You are viewing a plain text version of this content. The canonical link for it is here.
Posted to user@hbase.apache.org by Tianying Chang <ti...@ebaysf.com> on 2013/01/25 19:54:21 UTC

AsynchBase client holds stale dead region server for long time even after the META has already been update.

Hi

One machine crashed in our cluster. After 3 minutes, the master detect it and re-assign the regions to other region servers. The regions are back online on other RS within one minute. But the asynchbase client still hold old dead regionserver for 50 minutes and cause data loss. We have to restart the AsynchBase client and that fixed the problem.

It seems there is a bug in AsyncBase client code. Has anyone else seen this? If I want to open a bug for Asynchbase, should I use Hbase jira? or is there a dedicated one for Asynchbase? I seems cannot find dedicated AsynchBase jira.

Thanks
Tian-Ying

Re: AsynchBase client holds stale dead region server for long time even after the META has already been update.

Posted by Marcos Ortiz <ml...@uci.cu>.
Great to hear, Ishan.
We faced a similar error here.
We will test this with the fix that you propose.
Best wishes
On 01/29/2013 12:43 PM, ishan chhabra wrote:
> Hi Tsuna,
> As Shrijeet mentioned, we (@Rocketfuel) were experiencing this bug 
> internally when doing cluster restarts.
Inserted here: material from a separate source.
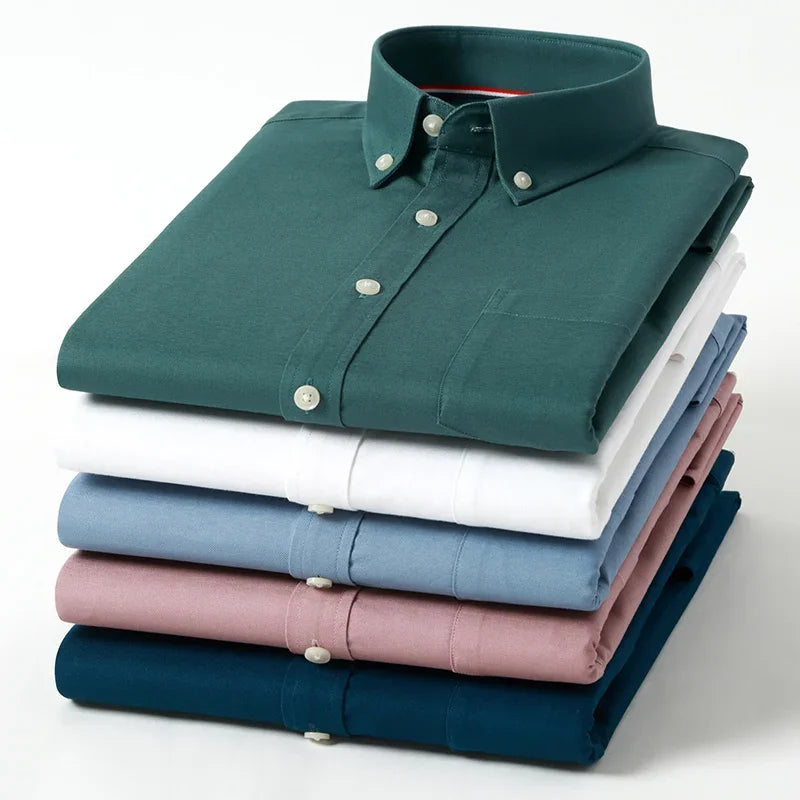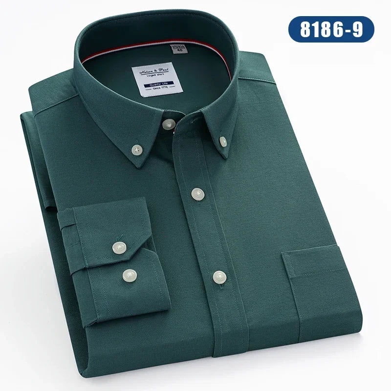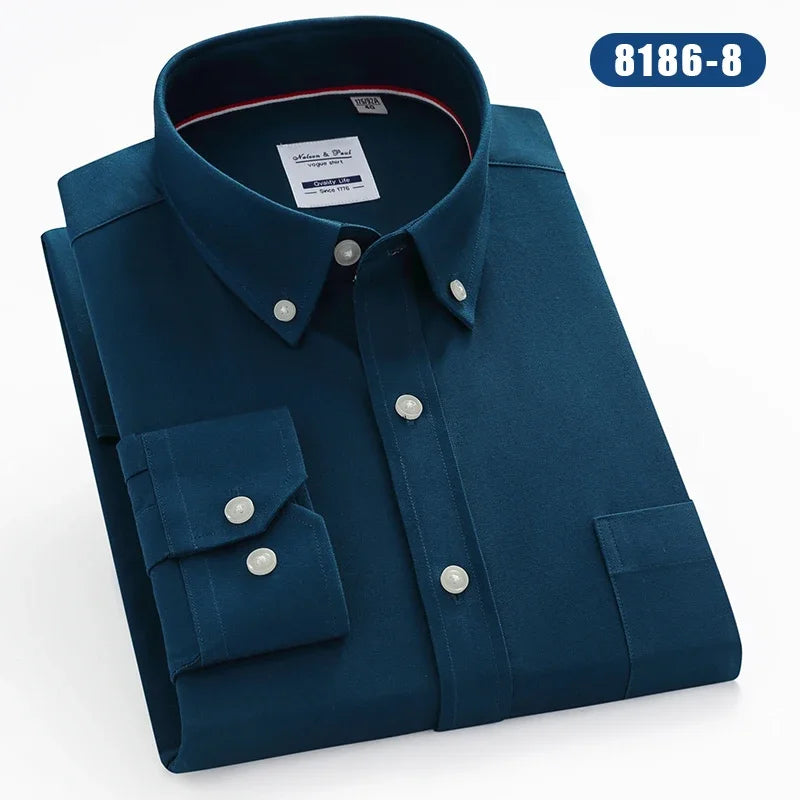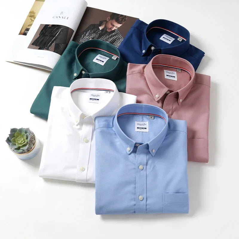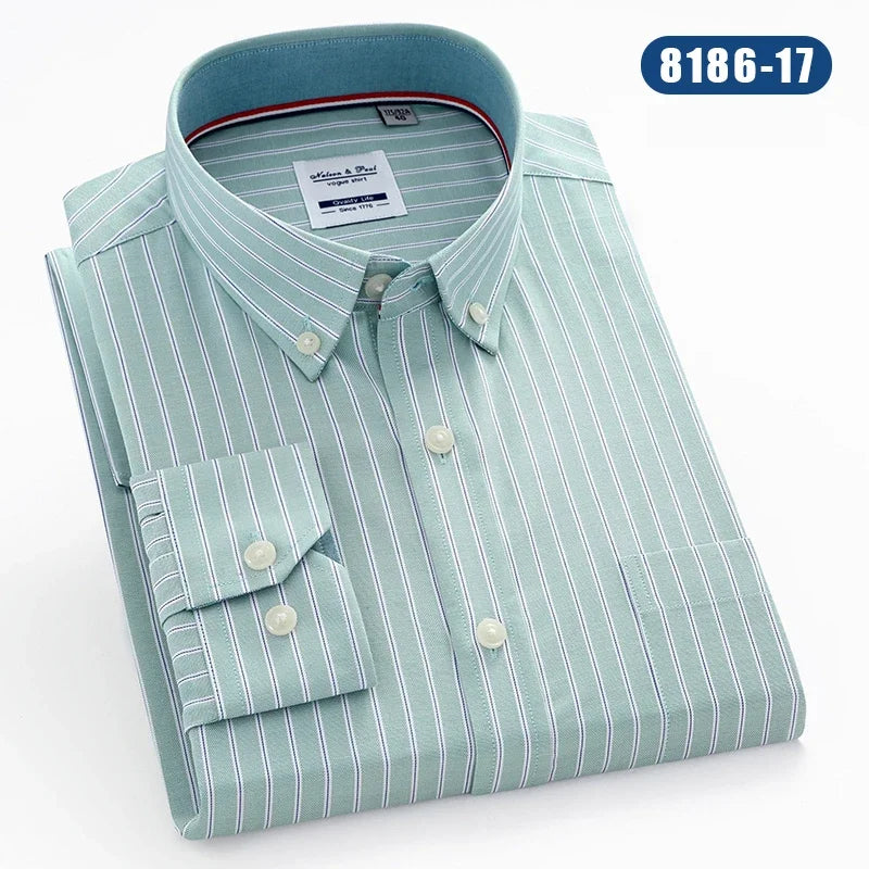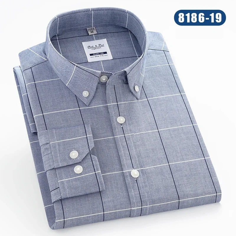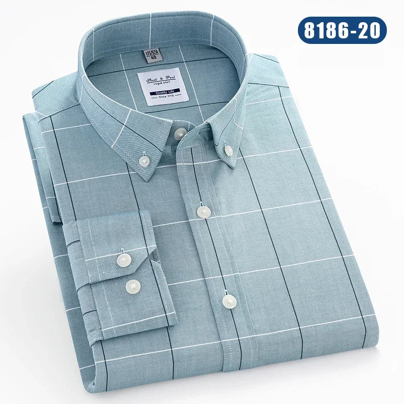 Hight qulity100%cotton oxfors long-sleeve shirts for men slim fit formal shirt white tops office plaid korean popular clothes

After some trial and error, I 
> was able to create a set of steps to reproduce this bug in a 
> controlled fashion on our test cluster. Further, using heap dumps and 
> added debug messages, this looks like the cause and fix: 
> https://github.com/OpenTSDB/asynchbase/pull/48. I have tested this 
> repeatedly on the test cluster and things are looking fine. Please 
> have a look and see if this makes sense and if the fix is a correct one.
>
> Cheers,
> Ishan
>
> On Friday, 25 January 2013 22:53:17 UTC-8, tsuna wrote:
>
>     On Fri, Jan 25, 2013 at 5:28 PM, Tianying Chang <tic...@ebaysf.com
>     <javascript:>> wrote:
>     > Thanks for the information! We have seen this couple times
>     recently. Last week, it was very long(like 40+ minutes before we
>     restart). I will follow up on that discuss thread. Thanks a lot!!
>
>     This is bug number 1, I haven't been able to track it down as I've
>     never been able to reproduce it in a controller fashion :(
>     https://github.com/OpenTSDB/asynchbase/issues/1
>     <https://github.com/OpenTSDB/asynchbase/issues/1>
>
>     I also spent hours manually walking references of heap dumps
>     and checking state to see if anything was wrong but I haven't
>     found anything, not even a clue.
>
>     -- 
>     Benoit "tsuna" Sigoure
>

-- 
Marcos Ortiz Valmaseda,
Product Manager && Data Scientist at DATEC
Blog: http://marcosluis2186.posterous.com
Twitter: @marcosluis2186 <http://twitter.com/marcosluis2186>

Re: AsynchBase client holds stale dead region server for long time even after the META has already been update.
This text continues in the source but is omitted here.